• **Problem to work on**
Reproduce the data in full, exactly as given, leaving images out.

• **The data**
================

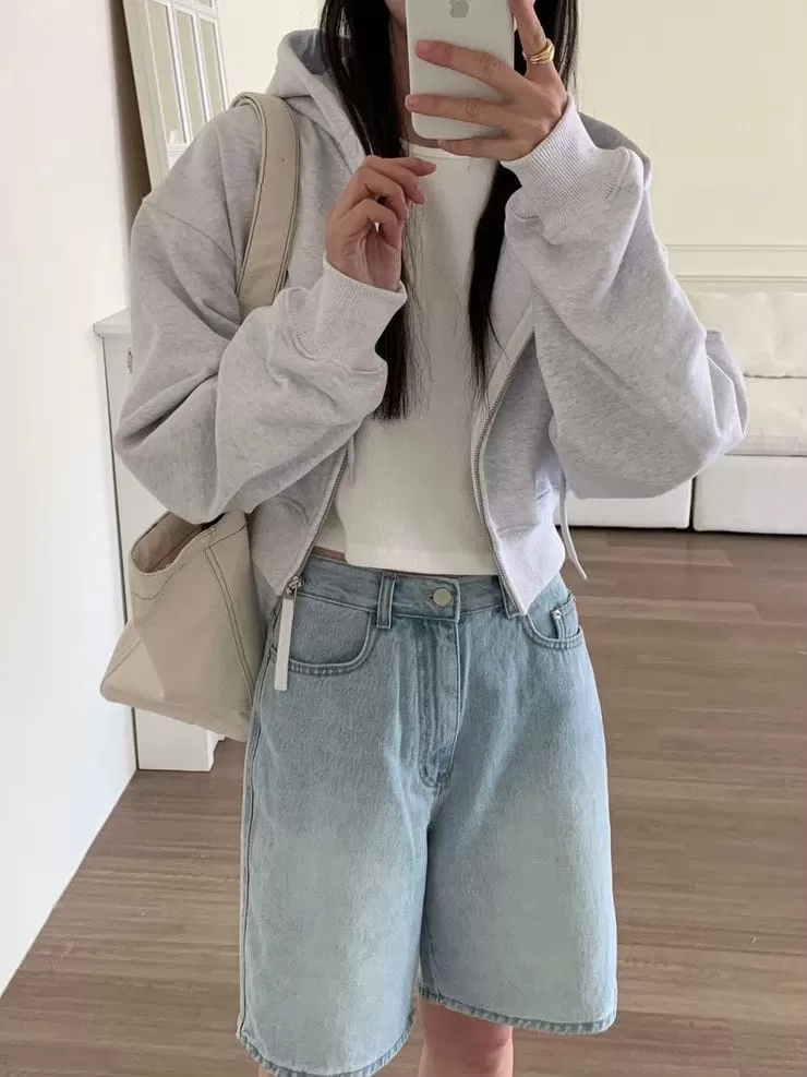 韓國品牌 Bleecker 設計款 落肩短版連帽外套
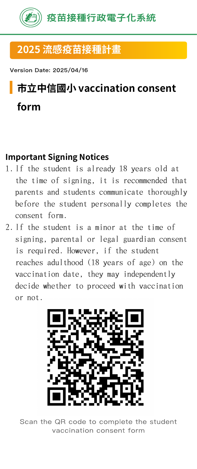 2. 簽署流程:掃描QR碼或網頁連結→輸入學生的身分證字號、生日→詳讀個資聲明及流感疫苗說明(必須拉到底部,才能勾選)→填寫家長基本資料及電郵→勾選學生接種意願→簽署家長中文全名→預覽簽署結果→完成簽署。
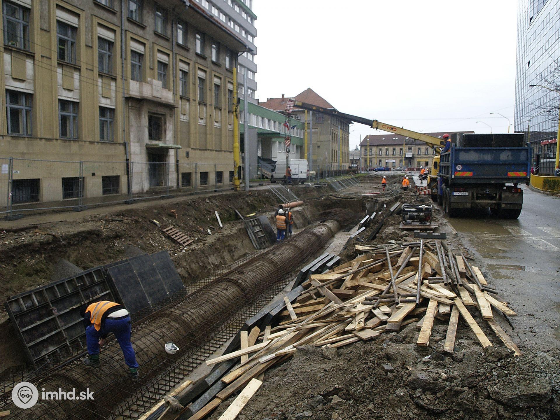 Stav Kuzmányho ulice v polovici decembra. Približne v tomto čase sa podľa pôvodného harmonogramu už malo jazdiť po novej trati.

================

• **Completed task**
 韓國品牌 Bleecker 設計款 落肩短版連帽外套
 2. 簽署流程:掃描QR碼或網頁連結→輸入學生的身分證字號、生日→詳讀個資聲明及流感疫苗說明(必須拉到底部,才能勾選)→填寫家長基本資料及電郵→勾選學生接種意願→簽署家長中文全名→預覽簽署結果→完成簽署。
 Stav Kuzmányho ulice v polovici decembra. Približne v tomto čase sa podľa pôvodného harmonogramu už malo jazdiť po novej trati.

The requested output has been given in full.